Touring on the heels of her latest, 100 Days, 100 Nights, Jones and her backing band, the Dap-Kings (Amy Winehouse’s sometime backing band), have been at it now for nearly 12 years. Before the 51-year-old singer’s break came in 1996, when she was called for a backing-vocal session by fledgling producers and Desco label founders Phillip Lehman and Bosco “Bass” Mann, Jones was working as a guard at the notorious New York City prison Rikers Island.
That detail, plus her brassy, assertive singing, paints the picture of a hard-as-nails woman you don’t wanna mess with. But in conversation, the toughness vanishes.
“They had me with the men,” Jones says. “I looked at them and thought, You’re mostly young minorities. Your life is being ruined. So at least when you come in here, you should have some kind of respect. You shouldn’t be trying to steal from each other and hurt each other. Why do you want to hurt him and take his sneakers, take his manhood? I couldn’t understand it, and it saddened me. The inmates told me, ‘Miss Jones, you’re not going to last in here because you’re too nice.’
“They were right,” she continues, laughing. “When I left, the inmates were very gracious to me. You first must show respect if you want to get it. I give it, no matter who it is. Those inmates, I didn’t turn up my nose at them. I wasn’t there to judge them.”
Born in 1956 in Augusta, Georgia (James Brown’s hometown), Jones was raised in Brooklyn but shuttled back to Augusta every summer as a youth. In Augusta, she sang in a gospel choir, and the back-and-forth between New York and small-town Georgia gave her a wider perspective on the world. Jones’ quaint description of the radio formatting of her adolescence — “three stations that played Motown, Stax and the Beatles” — suggests a simpler, more romantic time.
But the tensions of the civil rights era and the real-life heartache and struggle under the surface of later Stax and Motown hits also exist at the core of Jones’ sound. She also stresses that her respect for people comes through in her work.
On closer inspection, the underlying vulnerability in her voice does indeed give the music an edge, and the boom in her singing represents a stubborn optimism persisting in the face of world-weariness. But when pressed, Jones can offer little insight as to how the band and its producers capture that old-soul vibe, other than to say, “I don’t have to pretend. I’ve lived it.”
To hear her tell it, you either have it or you don’t. And, through working with Mann (who founded Daptone Records after Desco’s demise) and the Dap-Kings, some of whom were still in their teens when they started, Jones has “learned not to judge a book by its cover.”
“The first thing that came out of my mouth when I saw him,” she says, recalling her initial impression of the then-21-year-old Mann, “was what does this little white boy know about funk? But as soon as those white boys started playing, my mouth dropped and I was like, OK.”

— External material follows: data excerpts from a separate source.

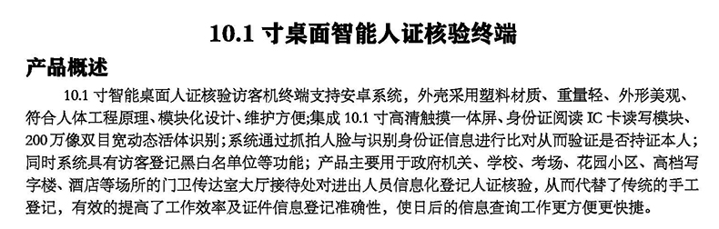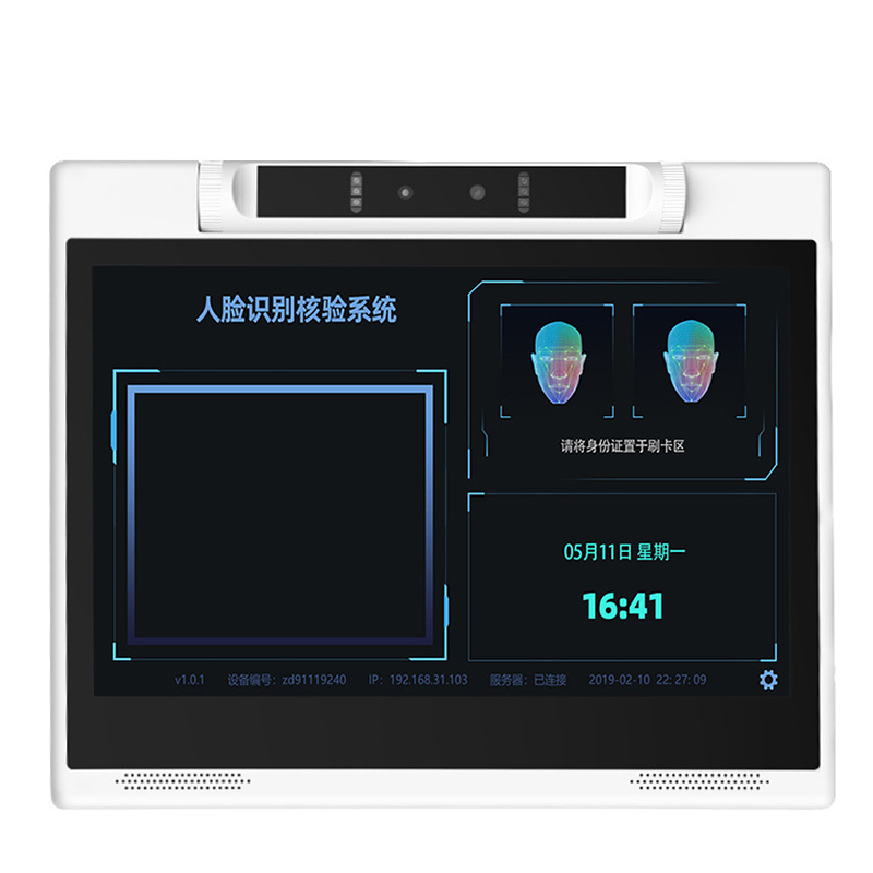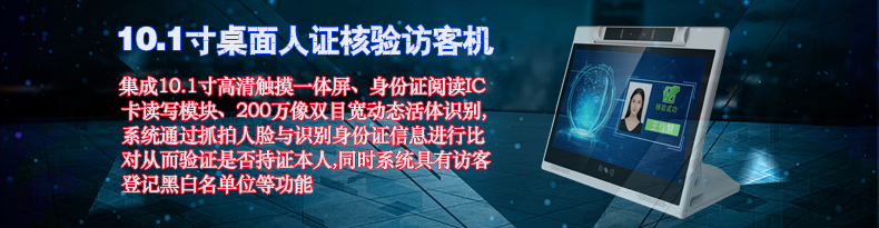 10.1寸智能桌面人證核驗訪客機終端支持安卓系統(tǒng),外殼采用塑料材質(zhì)、重量輕、外形美觀、符合人體工程原理、模塊化設(shè)計、維護方便;集成10.1寸高清觸摸一體屏、身份證閱讀IC卡讀寫模塊、200萬像雙目寬動態(tài)活體識別;系統(tǒng)通過抓拍人臉與識別身份證信息進行比對從而驗證是否持證本人;同時系統(tǒng)具有訪客登記黑白名單位等功能;產(chǎn)品主要用于政府機關(guān)、學(xué)校、考場、花園小區(qū)、高檔寫字樓、酒店等場所的門衛(wèi)傳達室大廳接待處對進出人員信息化登記人證核驗,從而代替了傳統(tǒng)的手工登記,有效的提高了工作效率及證件信息登記準確性,使日后的信息查詢工作更方便更快捷。
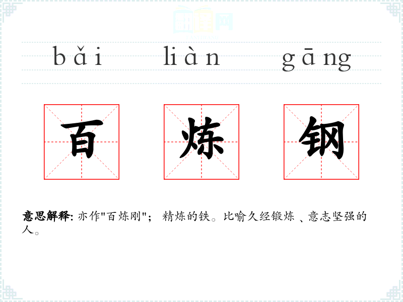 亦作"百炼刚"; 精炼的铁。比喻久经锻炼﹑意志坚强的人。
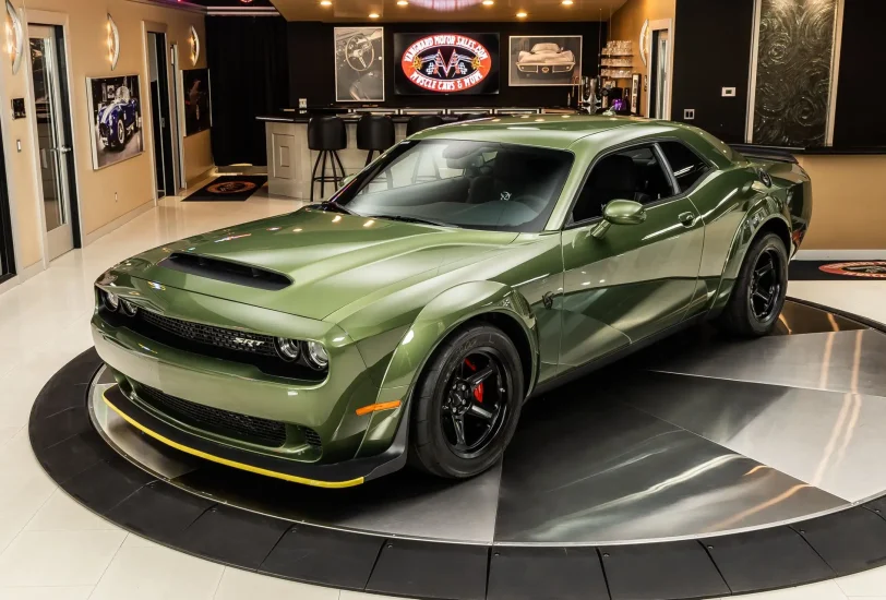 Check out this amazing 2018 Dodge Challenger SRT Demon! This Challenger is finished in beautiful F8 Green with Aluminum Wheels which come with factory-mounted Demon specific Nitto Drag Tires! Under the hood sits a 6.2L Supercharged Demon HEMI, that can produce 840HP with Programming and 808HP with the Red Key! Power is sent to the road through a ZF 8HP90 8-speed transmission and Mopar Limited Slip Differential with 3.09:1 Gearing which helps this Beast of a Car Achieve 0-60 within 2.3 Seconds! This Demon contains only 276 original miles!
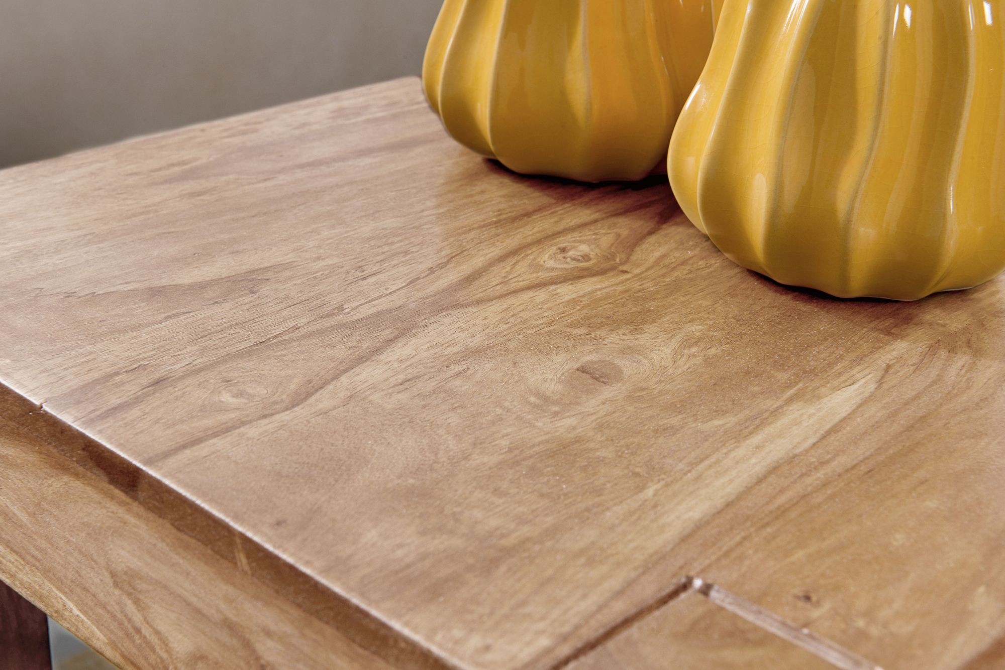 Dieses 3-teilige Set aus Satztischen aus massivem Akazienholz eignet sich perfekt zur optimalen Raumnutzung im Wohnzimmer. Die kleineren Tische lassen sich unter den größeren schieben und sind auch einzeln nutzbar. Die natürliche Holzmaserung verleiht dem Set einen rustikalen Charme und praktische Funktion.

Jones was struck by Mann and the Daptone collective’s passionate interest in vintage soul and R&B, their collector’s drive to search out rare 45s and spin DJ sets of soul music, and their natural affinity for the music. In fact, as compelling as Jones’ story is, the makeup of the band itself — mostly young and white with a sizable Jewish contingent — says more about the enduring universal appeal of soul music and its potential to reach ever wider and younger audiences.
Many modern acts (G. Love, Soulive, etc.) show a reverence for the analog textures and recording styles of bygone eras. But too many of these contemporary groups overshoot the mark and come out with records that sound exaggerated, pumped up. Their hearts are in the right place, but their production values have been spiked with steroids.

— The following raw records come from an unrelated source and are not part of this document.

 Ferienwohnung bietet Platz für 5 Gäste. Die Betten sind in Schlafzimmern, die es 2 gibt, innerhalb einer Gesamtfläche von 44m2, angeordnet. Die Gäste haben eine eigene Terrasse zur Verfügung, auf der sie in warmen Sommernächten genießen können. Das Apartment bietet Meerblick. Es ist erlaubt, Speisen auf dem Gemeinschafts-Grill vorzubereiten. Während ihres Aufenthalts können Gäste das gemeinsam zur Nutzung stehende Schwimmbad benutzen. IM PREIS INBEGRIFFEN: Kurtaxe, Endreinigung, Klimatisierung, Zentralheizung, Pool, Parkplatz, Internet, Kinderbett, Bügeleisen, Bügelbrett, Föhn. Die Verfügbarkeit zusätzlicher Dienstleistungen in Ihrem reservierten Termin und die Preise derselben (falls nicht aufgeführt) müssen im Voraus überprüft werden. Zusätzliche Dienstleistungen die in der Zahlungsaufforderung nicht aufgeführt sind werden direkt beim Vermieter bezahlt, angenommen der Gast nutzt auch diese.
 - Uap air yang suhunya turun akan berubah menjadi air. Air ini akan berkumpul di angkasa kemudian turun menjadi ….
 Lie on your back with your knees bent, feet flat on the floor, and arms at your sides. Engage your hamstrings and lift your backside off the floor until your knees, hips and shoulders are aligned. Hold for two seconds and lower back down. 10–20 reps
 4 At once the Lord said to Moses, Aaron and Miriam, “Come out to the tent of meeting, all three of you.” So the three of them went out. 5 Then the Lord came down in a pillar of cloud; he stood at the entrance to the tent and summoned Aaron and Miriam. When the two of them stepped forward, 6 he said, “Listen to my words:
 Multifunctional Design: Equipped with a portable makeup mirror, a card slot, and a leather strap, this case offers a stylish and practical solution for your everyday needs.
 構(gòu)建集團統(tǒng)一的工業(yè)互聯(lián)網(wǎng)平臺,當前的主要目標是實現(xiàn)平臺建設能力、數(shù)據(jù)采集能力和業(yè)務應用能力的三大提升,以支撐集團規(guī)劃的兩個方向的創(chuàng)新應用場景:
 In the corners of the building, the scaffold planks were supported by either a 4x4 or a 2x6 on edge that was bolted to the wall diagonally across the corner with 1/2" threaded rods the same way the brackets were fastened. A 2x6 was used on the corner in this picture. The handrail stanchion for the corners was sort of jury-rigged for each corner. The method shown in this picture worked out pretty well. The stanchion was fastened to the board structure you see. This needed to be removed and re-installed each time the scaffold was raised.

Mann, Jones, the Dap-Kings and all involved at Daptone Records simply seek to capture that old feel. The music doesn’t exude a concerted effort to sound retro. It just sounds natural.
“The band isn’t running around trying to play all this Jay-Z and stuff out here,” she says. “We didn’t say, Let’s try and hip-hop it up and add a little t-t-t-t-t, ba-dum-ba-dum-ba-dum,” she says, making blips, beeps, and scratching noises with her voice.
Catching herself, she begins to cackle.
And that’s about as good an answer as you’re going to get. As her laughter reveals, however, you don’t need to think about soul. You just gotta feel it.